Fue la única vez que lo vi en Cuba. En el año 80 se desató el éxodo. A principios del 82 fundó en Miami, con un grupo de escritores jóvenes recién llegados al exilio, la Revista Mariel. Trabajamos en ella hasta el 84, a veces de madrugada, pagándola con nuestros modestos salarios, mientras de día nos ganábamos la vida como mejor podíamos: Reinaldo, el más afortunado, daba cursos en universidades; yo cargaba cajas en un almacén; otros eran empleados de talleres, de fábricas y de supermercados A veces discutíamos sobre libros y política hasta que amanecía. Luego Mariel se acabó. Tantas historias.

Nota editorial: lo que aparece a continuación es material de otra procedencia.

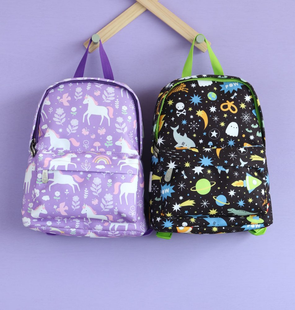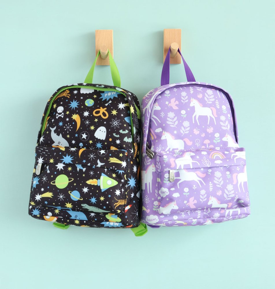 Piccolo zainetto per bambini a partire dai 2 anni. L'ampio scomparto principale con un'ulteriore tasca frontale con zip offre spazio sufficiente per una merenda e il giocattolo preferito. Lo zaino è dotato di spallacci imbottiti e di un comodo pannello posteriore. Il materiale in poliestere è resistente, leggero e decorato con una stampa colorata. La cinghia pettorale assicura che lo zaino rimanga saldamente sulle spalle. Le dimensioni dello zainetto sono 23,5 x 30 x 10 cm e la capacità è di 7 litri. Non mettere lo zainetto in lavatrice, lavare solo a mano.

Reinaldo vivía en Nueva York y odiaba Miami, aunque seguía viniendo cada dos o tres meses, incapaz de estar lejos por demasiado tiempo de esta ciudad repleta de cubanos. Yo había dejado de beber y hacía una vida de recluso, pero cuando él venía íbamos a la playa y leíamos y hablábamos sentados en la arena. Su virulencia me causaba un efecto parecido a una droga. Me reprochaba mi absoluta abstinencia, que no se limitaba al alcohol.

—Para escribir hay que vivir intensamente —me decía.

Yo me mortificaba.

—No creo en dogmas, ni siquiera en los dogmas de la libertad —respondía yo, tratando de adoptar un aire indiferente.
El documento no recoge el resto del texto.